Electron Discussion

Otis

Elite Member
Joined
Apr 22, 2015
Messages
4,414
… The idea that an electron has to take up some kind of space/volume is incorrect. It is a point particle and thus does not take up any space …
This is interesting. An electron cloud takes up space, yet the individual electrons do not. Also, an electron has mass.

If we use the definition that says matter is anything that has mass and takes up space, then an electron is not matter.

Are protons and neutrons matter?
 
This is interesting. An electron cloud takes up space, yet the individual electrons do not. Also, an electron has mass.

If we use the definition that says matter is anything that has mass and takes up space, then an electron is not matter.

Are protons and neutrons matter?
Well, as it would stand according to current theory all point particles are black holes. We usually gloss over that one!

As to electron clouds remember that the cloud isn't made of actual electrons, it is a probability distribution which gives the probability of an electron being some point or energy or angular momentum, etc. It does not exist in "real" space.

-Dan
 
… as it would stand according to current theory …
I've been reading up on chemistry; perhaps its perspective differs from physics, in some finer details?


… remember that the cloud isn't made of actual electrons …
Maybe I've misunderstood. According to what I've read, if an atom owns an electron, then the electron's potential positions (in whatever form it takes) define a region somewhere around the nucleus. The region has a specific shape and takes up space. Chemists call these regions orbitals, and the aggregate electron orbitals for a specific atom is what I'm thinking of, when I say 'cloud'.

I'm still studying the subject; there's a lot I don't know. ?
\(\displaystyle \;\)
 
Chemistry wouldn't matter here. If an object has all its mass contained inside its Schwarzchild radius ( 2GM/c^2) then it is, by definition a black hole. If it's a point particle it has to be inside its Schwarzchild radius.

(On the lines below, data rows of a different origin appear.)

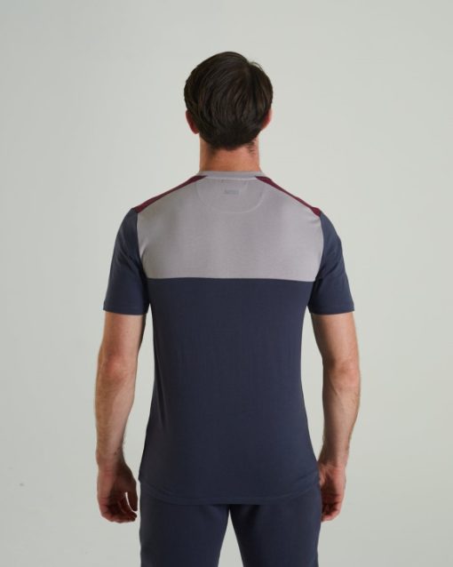 טי כותנה רכה לגברים בעיצוב קולור בלוק, הדפסה ג’ל בחזה ולוגו DIESEL רפלקטיבי בצוואר האחורי. הדוגמנית לובשת מ.
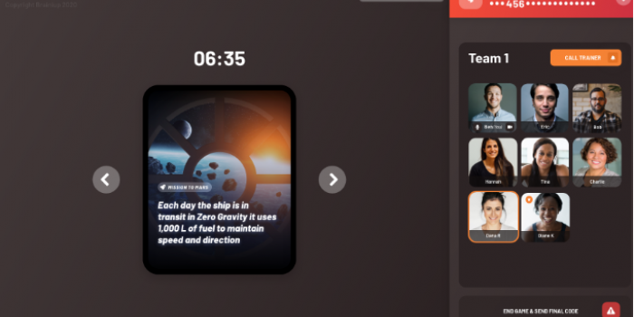 Spaceship Challenge is about having several teams prepare and plan for their mission in Space. Teams work on a tough problem where information is split between the different team members. They must leverage all their online working skills to solve a series of progressively more complex challenges. Space Challenge Virtual team building is an unusual, fun and dynamic (against the clock) group activity designed for high performing teams.
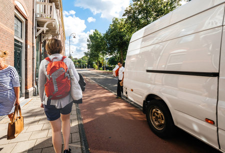 Woman walks on Dutch street near delivery man with parcels

Let's talk position then. Until observed no particle exists definitely at any point. Once observed the electron's wavefunction will "collapse" (I don't like that term) at a specific point. Where that point is depends on factors such as what orbital the electron is in. I can't draw the pretty pictures but the possible locations of an electron can take spheres or bell-like shapes. (Look at the the hydrogen wavefunctions on the right here.) The electron shows up at a point around the nucleus but the electron is always sitting somewhere within the probability cloud for that particular value of n ( and l, p, d, etc.). The probability distribution is what is called the cloud... two electrons in different orbitals could show us right next to each other but have different quantum numbers.